• [What is required]
Restate word for word the lines of the entries below, starting with the line that holds "结构设计创新:首次实现Cu亚" and ending with the line that holds "一个大书家的书风演变一定是有", and no others.

• [Supplied material]
------------------------------

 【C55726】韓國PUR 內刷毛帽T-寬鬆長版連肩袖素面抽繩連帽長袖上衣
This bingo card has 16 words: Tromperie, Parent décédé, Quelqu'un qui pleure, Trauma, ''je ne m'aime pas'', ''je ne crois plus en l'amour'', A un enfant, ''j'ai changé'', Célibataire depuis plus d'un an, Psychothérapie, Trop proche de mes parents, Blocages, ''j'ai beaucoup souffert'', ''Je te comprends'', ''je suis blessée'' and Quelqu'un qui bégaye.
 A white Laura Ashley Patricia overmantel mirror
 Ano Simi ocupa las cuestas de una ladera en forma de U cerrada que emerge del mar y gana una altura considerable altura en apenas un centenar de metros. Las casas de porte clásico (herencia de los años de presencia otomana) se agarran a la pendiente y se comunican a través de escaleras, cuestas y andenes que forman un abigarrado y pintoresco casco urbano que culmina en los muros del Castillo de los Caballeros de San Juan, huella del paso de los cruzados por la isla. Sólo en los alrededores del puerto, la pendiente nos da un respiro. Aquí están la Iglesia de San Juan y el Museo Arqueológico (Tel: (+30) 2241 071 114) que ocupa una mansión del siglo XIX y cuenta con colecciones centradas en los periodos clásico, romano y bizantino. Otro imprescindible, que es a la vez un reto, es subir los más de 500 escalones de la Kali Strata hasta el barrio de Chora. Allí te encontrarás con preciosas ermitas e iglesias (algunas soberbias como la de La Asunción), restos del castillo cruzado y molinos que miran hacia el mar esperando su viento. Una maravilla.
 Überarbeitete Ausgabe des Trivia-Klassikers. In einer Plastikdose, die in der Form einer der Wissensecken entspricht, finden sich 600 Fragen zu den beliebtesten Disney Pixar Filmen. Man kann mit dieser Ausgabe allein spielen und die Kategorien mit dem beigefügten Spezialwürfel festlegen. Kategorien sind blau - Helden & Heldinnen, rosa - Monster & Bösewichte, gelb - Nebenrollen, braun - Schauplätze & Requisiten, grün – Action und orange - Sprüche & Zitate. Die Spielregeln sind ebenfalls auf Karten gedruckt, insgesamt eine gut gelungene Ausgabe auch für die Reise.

------------------------------

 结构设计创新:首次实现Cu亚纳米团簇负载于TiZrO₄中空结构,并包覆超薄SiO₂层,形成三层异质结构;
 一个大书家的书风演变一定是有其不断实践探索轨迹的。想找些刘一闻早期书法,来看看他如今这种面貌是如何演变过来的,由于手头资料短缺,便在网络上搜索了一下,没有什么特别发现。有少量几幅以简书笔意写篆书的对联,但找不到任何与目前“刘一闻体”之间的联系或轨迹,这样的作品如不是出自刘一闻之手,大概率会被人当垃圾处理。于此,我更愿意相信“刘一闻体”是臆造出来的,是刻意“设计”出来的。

------------------------------

• [Answer section]
 结构设计创新:首次实现Cu亚纳米团簇负载于TiZrO₄中空结构,并包覆超薄SiO₂层,形成三层异质结构;
 一个大书家的书风演变一定是有其不断实践探索轨迹的。想找些刘一闻早期书法,来看看他如今这种面貌是如何演变过来的,由于手头资料短缺,便在网络上搜索了一下,没有什么特别发现。有少量几幅以简书笔意写篆书的对联,但找不到任何与目前“刘一闻体”之间的联系或轨迹,这样的作品如不是出自刘一闻之手,大概率会被人当垃圾处理。于此,我更愿意相信“刘一闻体”是臆造出来的,是刻意“设计”出来的。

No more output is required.